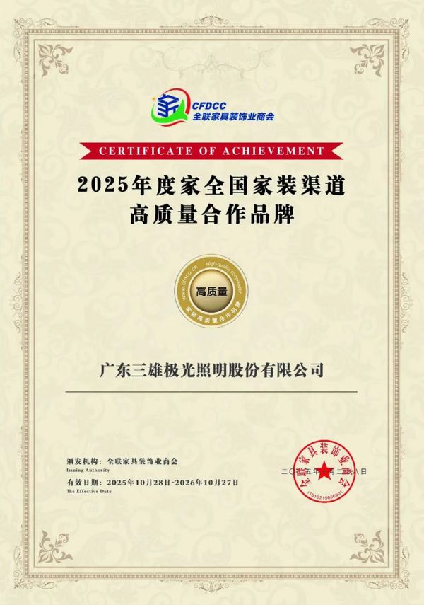 2025年10月28日,在遵义举办的“2025年度家装行业优秀企业高质量发展大会暨品质交付优秀企业发布会”上,三雄极光凭借其卓越的产品实力与行业影响力,将“2025年度全国家装行业品质交付企业优秀合作品牌” 与 “2025年度全国家装渠道高质量合作品牌” 两项大奖收入囊中。这份荣誉,不仅是行业对三雄极光产品品质的认可,更是对其“全屋光健康”战略及卓越交付能力的高度肯定。
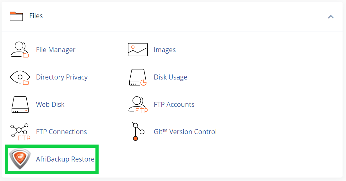 Follow the steps below to restore a backup for a website using Afribackup in cPanel.
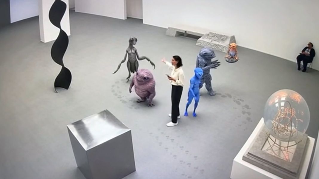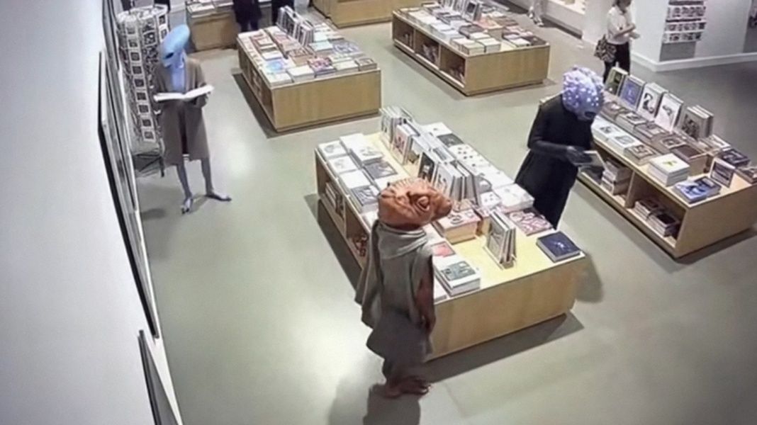 Работа выстроена как реконструкция поста охраны в музее современного искусства. Перед зрителем — стол, экраны, записи камер видеонаблюдения и ощущение полной включённости в чужую систему контроля. Но очень быстро знакомая музейная ситуация начинает смещаться: среди посетителей появляются инопланетные существа, которые ведут себя почти так же, как люди, и с тем же вниманием рассматривают экспозицию.
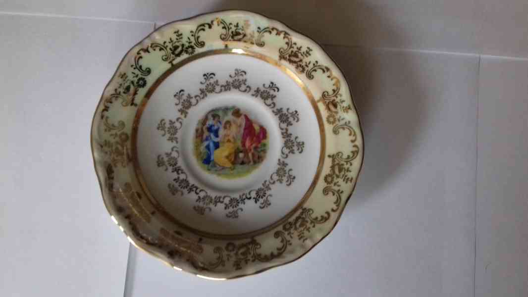 Prodám kompletní sadu dekoračního nádobí zn. Original decor s motivem Tři Grácie (6x, hluboký talíř - 6x, talířek pod šálek - 6x, šálek - 6x, konvička na mléko - 1x, cukřenka - 1x, velká konvička - 1x)
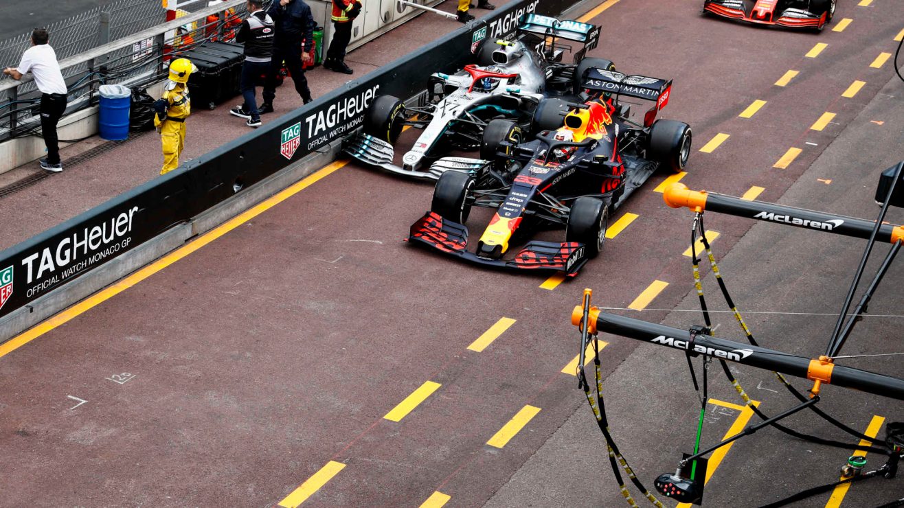 Na relargada, a sequência era Hamilton, Verstappen, Bottas e Hamilton. O inglês, já informado sobre a dificuldade de manter os pneus inteiros até o final, diminuiu o ritmo. O que se viu por algumas dezenas de voltas foi um “trenzinho” entre os quatro. Hamilton segurava a fila enquanto Verstappen não encontrava espaço para o ataque. Vettel e Bottas só observavam tudo de camarote. Ainda na volta 16, Giovinazzi tocou a Williams em Robert Kubica e causou um tumulto na Rascasse – felizmente contornado sem necessidade de outro safety car. Pouco depois, Leclerc, então 18º e com a corrida completamente prejudicada, teve que abandonar por problemas em sua Ferrari.

····················

▶ _What is expected_
Could you reproduce exactly, and only, the lines from the start of the records through the line containing "Работа выстроена как", leaving out the pictures?

▶ _Response box_
 2025年10月28日,在遵义举办的“2025年度家装行业优秀企业高质量发展大会暨品质交付优秀企业发布会”上,三雄极光凭借其卓越的产品实力与行业影响力,将“2025年度全国家装行业品质交付企业优秀合作品牌” 与 “2025年度全国家装渠道高质量合作品牌” 两项大奖收入囊中。这份荣誉,不仅是行业对三雄极光产品品质的认可,更是对其“全屋光健康”战略及卓越交付能力的高度肯定。
 Follow the steps below to restore a backup for a website using Afribackup in cPanel.
 Работа выстроена как реконструкция поста охраны в музее современного искусства. Перед зрителем — стол, экраны, записи камер видеонаблюдения и ощущение полной включённости в чужую систему контроля. Но очень быстро знакомая музейная ситуация начинает смещаться: среди посетителей появляются инопланетные существа, которые ведут себя почти так же, как люди, и с тем же вниманием рассматривают экспозицию.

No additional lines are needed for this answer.